Aim of the exercise -> Once the line with "(学保处副处长刘洪伟宣读优秀辅导员表彰决定与名单)" is found in the entries below, print it and each following line exactly, stopping after the line with "①サンバのリズムで踊り出しました。(自治会親睦会)"; print nothing else.

Dataset content ->
====

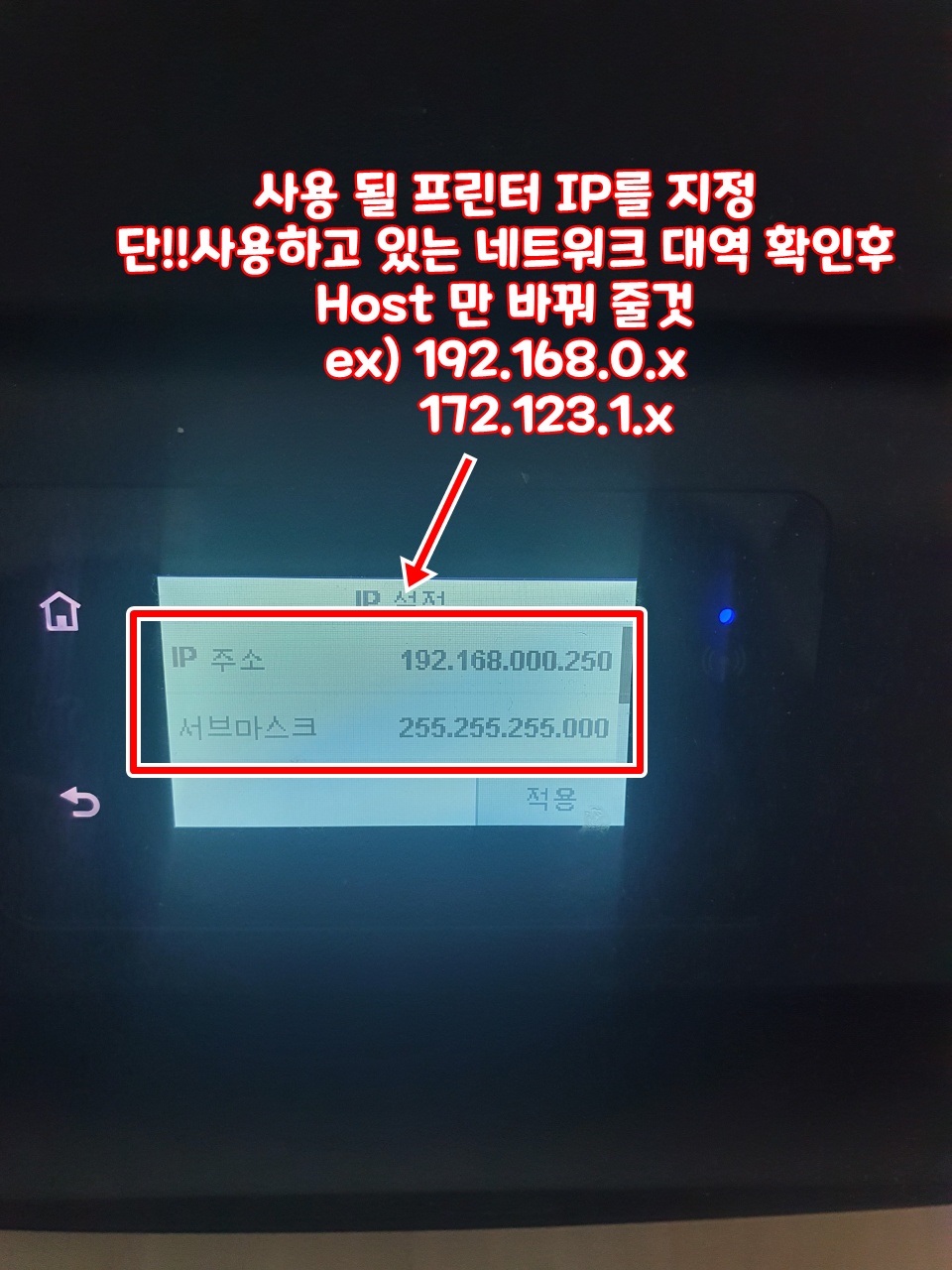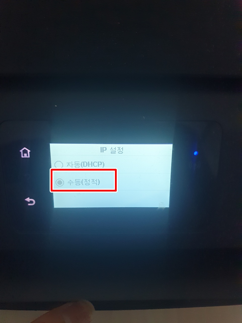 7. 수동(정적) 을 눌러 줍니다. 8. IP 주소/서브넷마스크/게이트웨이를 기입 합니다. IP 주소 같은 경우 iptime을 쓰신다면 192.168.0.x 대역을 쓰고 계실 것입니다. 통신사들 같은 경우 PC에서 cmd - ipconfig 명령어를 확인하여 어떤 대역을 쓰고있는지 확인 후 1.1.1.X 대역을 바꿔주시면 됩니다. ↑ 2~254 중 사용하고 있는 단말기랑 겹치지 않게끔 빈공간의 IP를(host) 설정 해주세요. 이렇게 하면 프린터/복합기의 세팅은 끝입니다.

====

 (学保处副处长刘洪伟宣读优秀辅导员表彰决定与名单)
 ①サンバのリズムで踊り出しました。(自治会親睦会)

====

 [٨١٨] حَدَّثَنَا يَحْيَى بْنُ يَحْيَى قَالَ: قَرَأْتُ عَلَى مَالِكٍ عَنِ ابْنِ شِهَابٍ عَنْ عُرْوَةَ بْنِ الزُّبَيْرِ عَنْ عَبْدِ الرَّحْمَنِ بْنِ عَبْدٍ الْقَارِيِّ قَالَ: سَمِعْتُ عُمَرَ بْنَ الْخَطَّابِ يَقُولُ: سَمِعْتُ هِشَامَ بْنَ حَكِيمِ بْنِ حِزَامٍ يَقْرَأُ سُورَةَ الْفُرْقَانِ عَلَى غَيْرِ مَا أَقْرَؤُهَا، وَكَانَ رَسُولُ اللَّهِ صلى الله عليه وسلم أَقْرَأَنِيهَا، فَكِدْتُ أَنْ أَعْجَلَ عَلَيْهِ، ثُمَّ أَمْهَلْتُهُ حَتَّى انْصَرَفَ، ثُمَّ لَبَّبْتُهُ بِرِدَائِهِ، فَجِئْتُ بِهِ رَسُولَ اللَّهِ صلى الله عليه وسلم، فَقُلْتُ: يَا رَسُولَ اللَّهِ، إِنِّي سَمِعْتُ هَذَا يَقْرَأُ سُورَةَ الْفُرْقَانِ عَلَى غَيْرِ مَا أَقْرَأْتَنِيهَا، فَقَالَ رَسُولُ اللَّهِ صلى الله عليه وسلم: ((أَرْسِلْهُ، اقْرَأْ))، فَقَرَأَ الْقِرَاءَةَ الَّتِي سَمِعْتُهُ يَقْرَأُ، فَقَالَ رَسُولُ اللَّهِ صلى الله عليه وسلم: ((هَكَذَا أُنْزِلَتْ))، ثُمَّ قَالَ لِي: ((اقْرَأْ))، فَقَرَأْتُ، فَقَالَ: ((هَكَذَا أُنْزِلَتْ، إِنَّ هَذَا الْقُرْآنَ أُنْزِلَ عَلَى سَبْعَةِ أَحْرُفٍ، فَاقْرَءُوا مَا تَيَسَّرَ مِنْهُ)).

====

Exercise solution ->
 (学保处副处长刘洪伟宣读优秀辅导员表彰决定与名单)
 ①サンバのリズムで踊り出しました。(自治会親睦会)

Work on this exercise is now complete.